» **Exercise details**: With the pictures left out, output the records below exactly.

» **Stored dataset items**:

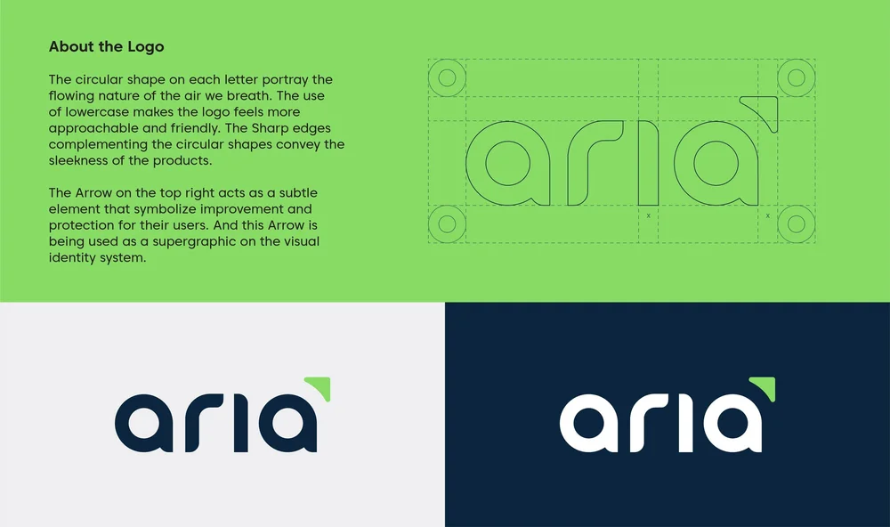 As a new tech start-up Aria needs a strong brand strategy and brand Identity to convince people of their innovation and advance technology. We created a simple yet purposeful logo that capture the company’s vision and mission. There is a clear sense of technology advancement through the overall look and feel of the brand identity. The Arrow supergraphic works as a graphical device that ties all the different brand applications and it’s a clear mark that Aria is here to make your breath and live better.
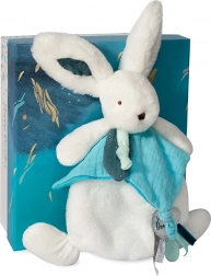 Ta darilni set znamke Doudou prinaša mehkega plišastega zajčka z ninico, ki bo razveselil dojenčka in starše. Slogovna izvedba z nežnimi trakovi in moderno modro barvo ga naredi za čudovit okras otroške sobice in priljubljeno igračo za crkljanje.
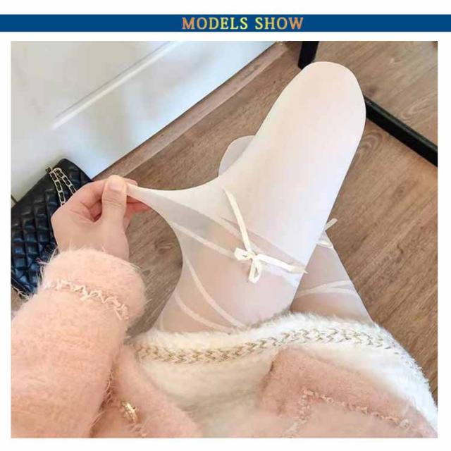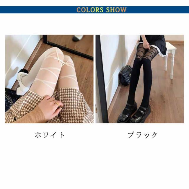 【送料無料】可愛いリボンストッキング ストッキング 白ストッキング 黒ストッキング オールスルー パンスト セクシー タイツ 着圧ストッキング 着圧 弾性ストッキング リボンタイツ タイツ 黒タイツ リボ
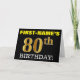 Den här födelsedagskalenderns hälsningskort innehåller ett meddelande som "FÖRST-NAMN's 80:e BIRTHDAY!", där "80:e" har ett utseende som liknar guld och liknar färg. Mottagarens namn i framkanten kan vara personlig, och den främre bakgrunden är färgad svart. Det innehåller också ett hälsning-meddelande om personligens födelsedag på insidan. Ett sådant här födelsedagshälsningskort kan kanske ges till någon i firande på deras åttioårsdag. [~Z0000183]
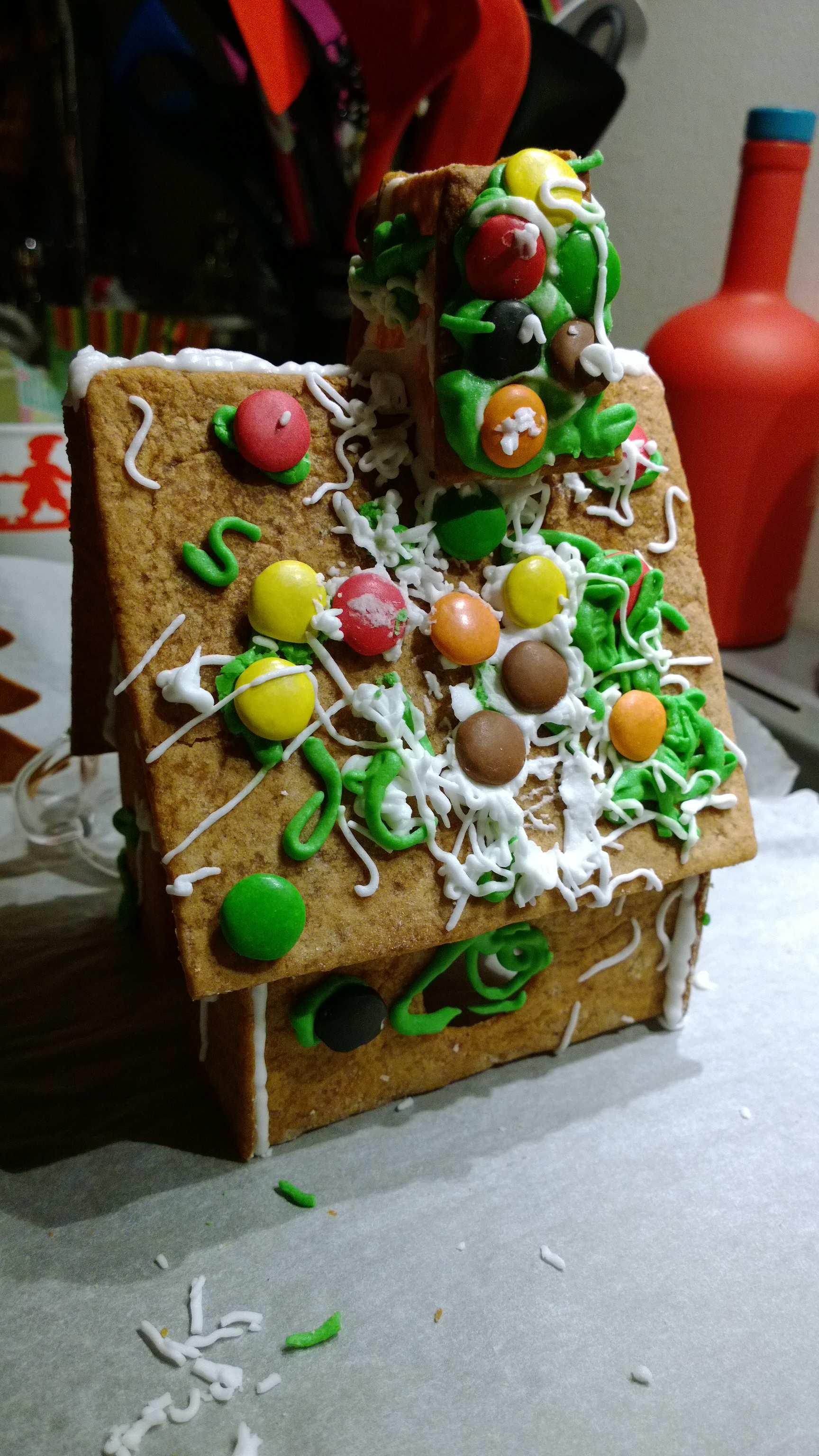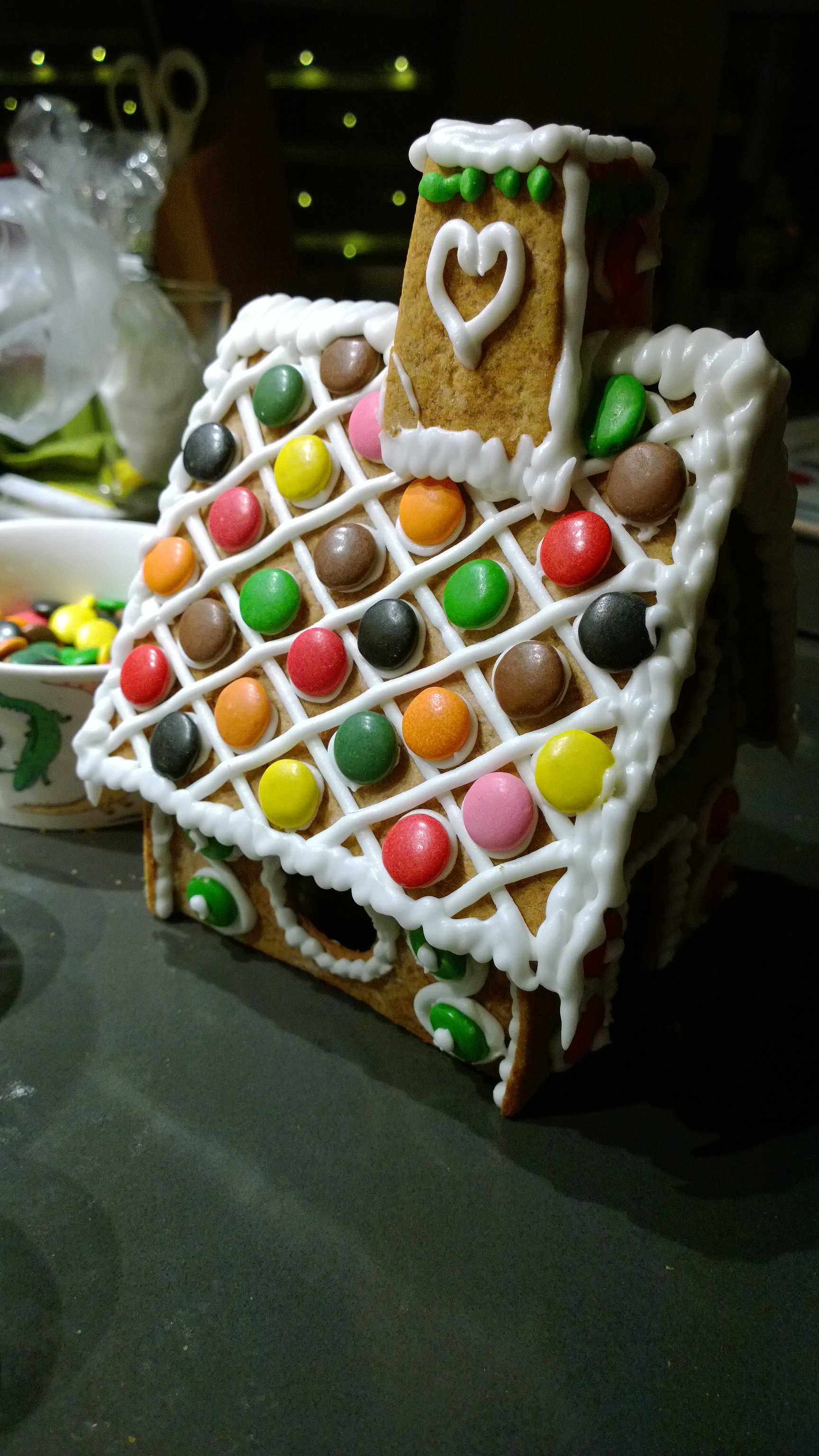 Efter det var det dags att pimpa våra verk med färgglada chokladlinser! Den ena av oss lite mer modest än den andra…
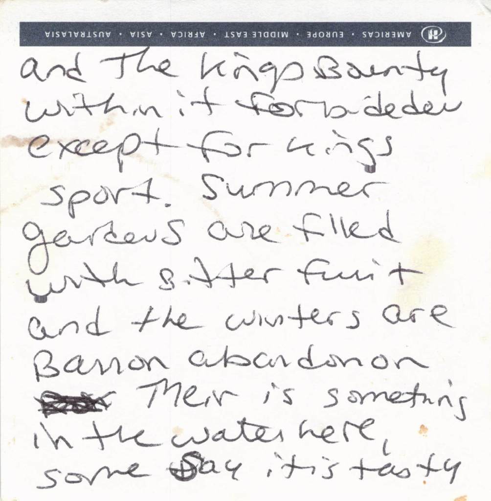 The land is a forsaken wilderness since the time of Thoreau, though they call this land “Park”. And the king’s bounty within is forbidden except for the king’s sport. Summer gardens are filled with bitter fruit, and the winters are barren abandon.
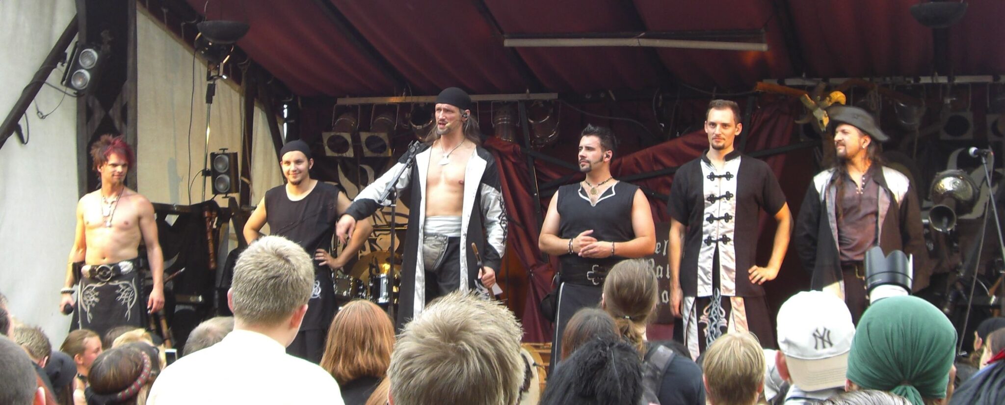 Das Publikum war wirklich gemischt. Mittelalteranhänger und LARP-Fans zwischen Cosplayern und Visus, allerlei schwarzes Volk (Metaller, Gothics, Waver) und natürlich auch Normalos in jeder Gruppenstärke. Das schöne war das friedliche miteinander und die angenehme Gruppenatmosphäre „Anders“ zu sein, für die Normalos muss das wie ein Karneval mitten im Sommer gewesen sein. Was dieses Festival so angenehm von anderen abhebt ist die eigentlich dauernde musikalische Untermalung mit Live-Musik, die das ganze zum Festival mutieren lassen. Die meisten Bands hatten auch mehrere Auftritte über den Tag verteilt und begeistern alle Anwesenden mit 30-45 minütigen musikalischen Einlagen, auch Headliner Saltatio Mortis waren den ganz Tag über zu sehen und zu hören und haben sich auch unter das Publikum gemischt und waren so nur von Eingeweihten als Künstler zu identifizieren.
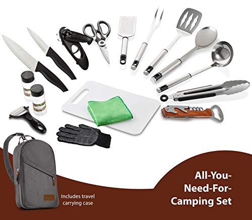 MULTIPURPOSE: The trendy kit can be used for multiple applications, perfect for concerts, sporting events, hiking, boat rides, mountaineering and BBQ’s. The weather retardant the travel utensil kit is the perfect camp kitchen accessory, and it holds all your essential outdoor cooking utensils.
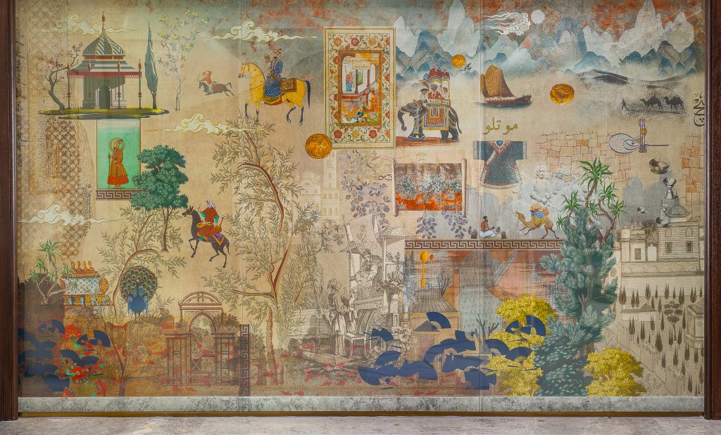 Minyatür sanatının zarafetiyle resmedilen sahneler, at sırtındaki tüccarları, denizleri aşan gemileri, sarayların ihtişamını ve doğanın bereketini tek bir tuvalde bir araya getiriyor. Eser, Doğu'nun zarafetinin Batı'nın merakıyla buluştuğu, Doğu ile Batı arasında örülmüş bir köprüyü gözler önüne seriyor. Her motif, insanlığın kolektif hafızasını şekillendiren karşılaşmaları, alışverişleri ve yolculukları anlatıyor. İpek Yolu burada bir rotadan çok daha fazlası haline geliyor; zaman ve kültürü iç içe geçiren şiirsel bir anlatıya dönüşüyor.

» **Output for this task**:
 As a new tech start-up Aria needs a strong brand strategy and brand Identity to convince people of their innovation and advance technology. We created a simple yet purposeful logo that capture the company’s vision and mission. There is a clear sense of technology advancement through the overall look and feel of the brand identity. The Arrow supergraphic works as a graphical device that ties all the different brand applications and it’s a clear mark that Aria is here to make your breath and live better.
 Ta darilni set znamke Doudou prinaša mehkega plišastega zajčka z ninico, ki bo razveselil dojenčka in starše. Slogovna izvedba z nežnimi trakovi in moderno modro barvo ga naredi za čudovit okras otroške sobice in priljubljeno igračo za crkljanje.
 【送料無料】可愛いリボンストッキング ストッキング 白ストッキング 黒ストッキング オールスルー パンスト セクシー タイツ 着圧ストッキング 着圧 弾性ストッキング リボンタイツ タイツ 黒タイツ リボ
 Den här födelsedagskalenderns hälsningskort innehåller ett meddelande som "FÖRST-NAMN's 80:e BIRTHDAY!", där "80:e" har ett utseende som liknar guld och liknar färg. Mottagarens namn i framkanten kan vara personlig, och den främre bakgrunden är färgad svart. Det innehåller också ett hälsning-meddelande om personligens födelsedag på insidan. Ett sådant här födelsedagshälsningskort kan kanske ges till någon i firande på deras åttioårsdag. [~Z0000183]
 Efter det var det dags att pimpa våra verk med färgglada chokladlinser! Den ena av oss lite mer modest än den andra…
 The land is a forsaken wilderness since the time of Thoreau, though they call this land “Park”. And the king’s bounty within is forbidden except for the king’s sport. Summer gardens are filled with bitter fruit, and the winters are barren abandon.
 Das Publikum war wirklich gemischt. Mittelalteranhänger und LARP-Fans zwischen Cosplayern und Visus, allerlei schwarzes Volk (Metaller, Gothics, Waver) und natürlich auch Normalos in jeder Gruppenstärke. Das schöne war das friedliche miteinander und die angenehme Gruppenatmosphäre „Anders“ zu sein, für die Normalos muss das wie ein Karneval mitten im Sommer gewesen sein. Was dieses Festival so angenehm von anderen abhebt ist die eigentlich dauernde musikalische Untermalung mit Live-Musik, die das ganze zum Festival mutieren lassen. Die meisten Bands hatten auch mehrere Auftritte über den Tag verteilt und begeistern alle Anwesenden mit 30-45 minütigen musikalischen Einlagen, auch Headliner Saltatio Mortis waren den ganz Tag über zu sehen und zu hören und haben sich auch unter das Publikum gemischt und waren so nur von Eingeweihten als Künstler zu identifizieren.
 MULTIPURPOSE: The trendy kit can be used for multiple applications, perfect for concerts, sporting events, hiking, boat rides, mountaineering and BBQ’s. The weather retardant the travel utensil kit is the perfect camp kitchen accessory, and it holds all your essential outdoor cooking utensils.
 Minyatür sanatının zarafetiyle resmedilen sahneler, at sırtındaki tüccarları, denizleri aşan gemileri, sarayların ihtişamını ve doğanın bereketini tek bir tuvalde bir araya getiriyor. Eser, Doğu'nun zarafetinin Batı'nın merakıyla buluştuğu, Doğu ile Batı arasında örülmüş bir köprüyü gözler önüne seriyor. Her motif, insanlığın kolektif hafızasını şekillendiren karşılaşmaları, alışverişleri ve yolculukları anlatıyor. İpek Yolu burada bir rotadan çok daha fazlası haline geliyor; zaman ve kültürü iç içe geçiren şiirsel bir anlatıya dönüşüyor.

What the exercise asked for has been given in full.